MADDOW: "The character of the campaign, the tone of the campaign, the way you’re trying to persuade those undecided voters, seems to have changed a little bit in the last week or so. Just this afternoon your campaign, in my estimation, set its hair on fire little bit when you guys convened this press hall to discuss what you called Senator Sander's attack ad against you. Your campaign said it was the first candidate to go negative in this campaign. I have seen the ad that you’re referring to. Honestly, it is not much of an attack. It never says your name. It says there’s two democratic visions for regulating Wall Street, and-  I’m going to quote it directly — it’s okay to take millions from big banks and tell them what to do. So yes, that's an oblique cry but it’s not something new. It’s not over the top that he’s now the personal attacker in the campaign.”
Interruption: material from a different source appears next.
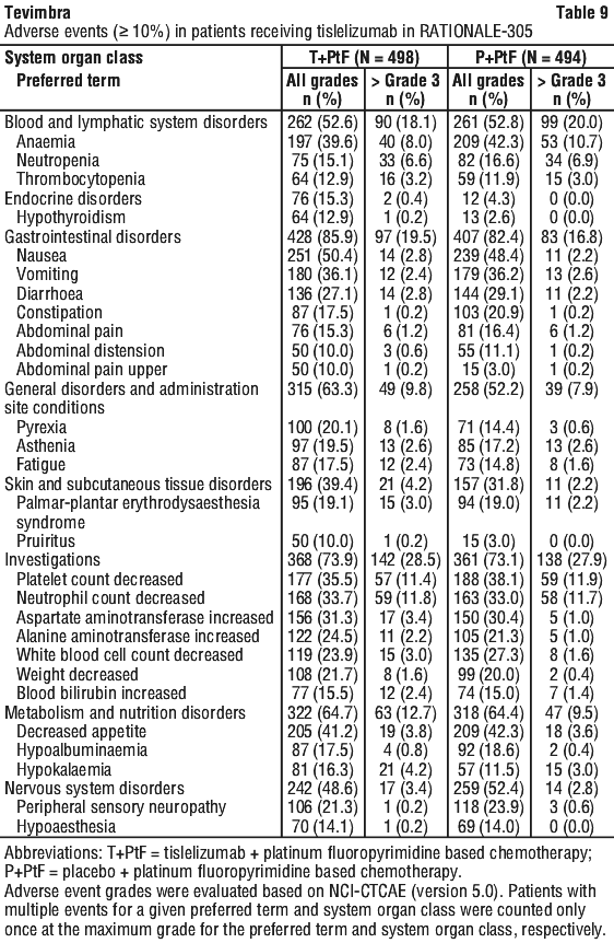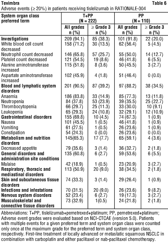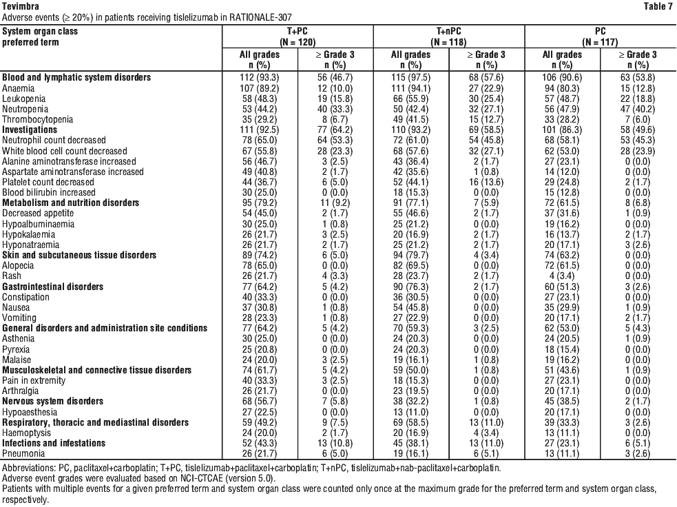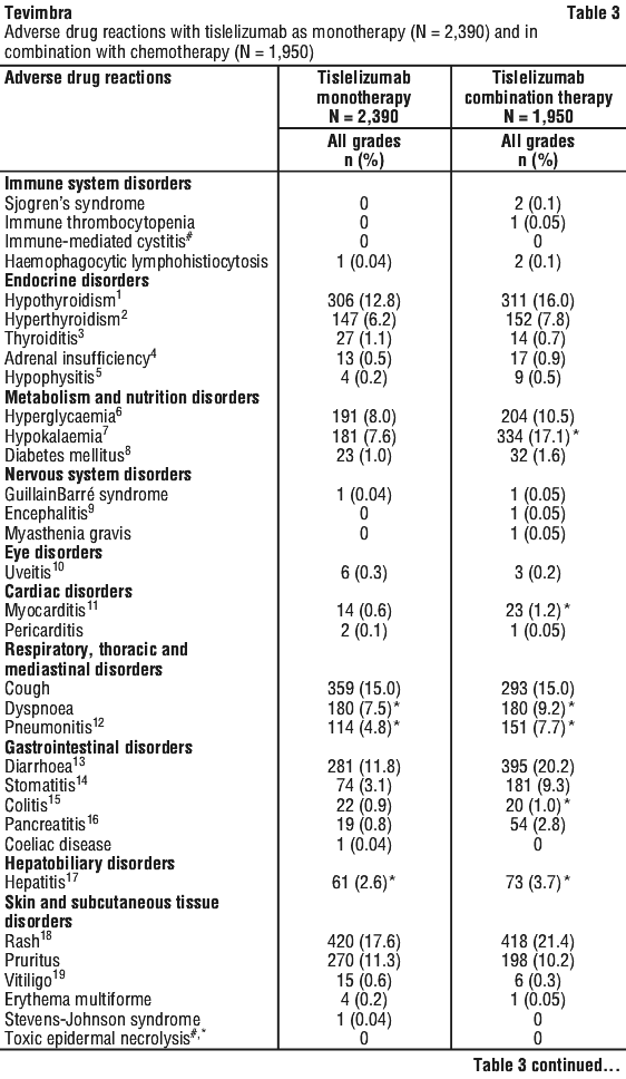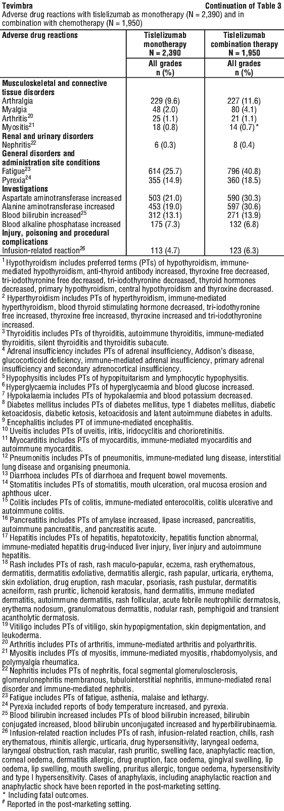 Other immune-related adverse reactions. Other clinically important immune-related adverse reactions were reported in patients treated with Tevimbra: myositis, myocarditis, arthritis, polymyalgia rheumatica, pericarditis, immune thrombocytopenia and Guillain-Barré syndrome (see Section 4.8 Adverse Effects (Undesirable Effects)).

CLINTON: “Well, let’s put it into the broader context. Obviously, Senator Sanders has said repeatedly he doesn’t do that, he doesn’t engage in negative attacks, and I take him at his word on anything personal. We don’t do that in our side of the debate. We engage on substantive differences. And we have some. He’s been pointing out what he believes to be differences for quite some time from his point of view. So I have been pointing out what differences are, because I think the voters expect us to have a spirited debate and let them know where we stand on health care, guns, the economy and all the rest of the really important question that is voters are asking about this election. What I think people reacted to is that it was a very broad assertion that caught up all Democrats. Basically, it’s also a very direct criticism of President Obama who, as you might recall, took a lot of money from the financial industry when he ran in 2008. That didn’t stop him from fighting for the hardest regulations on Wall Street since the Great Depression, signing Dodd/Frank, getting everything he could get out of the Congress at that time. So there is a difference. I think that, you know, the president and many Democrats who support Dodd/Frank, we are fighting to prevent it from being turned back and eviscerated by the Republicans, are saying, wait a minute, this is hard work. And what the president got done and what the Democrats who stood with him got done is a pretty important accomplishment if we’re going to rein in the excesses on Wall Street. So, it’s a funny kind of charge. It’s sort of a pox on all your houses for all the Democrats, and I think that’s what raised some eyebrows.”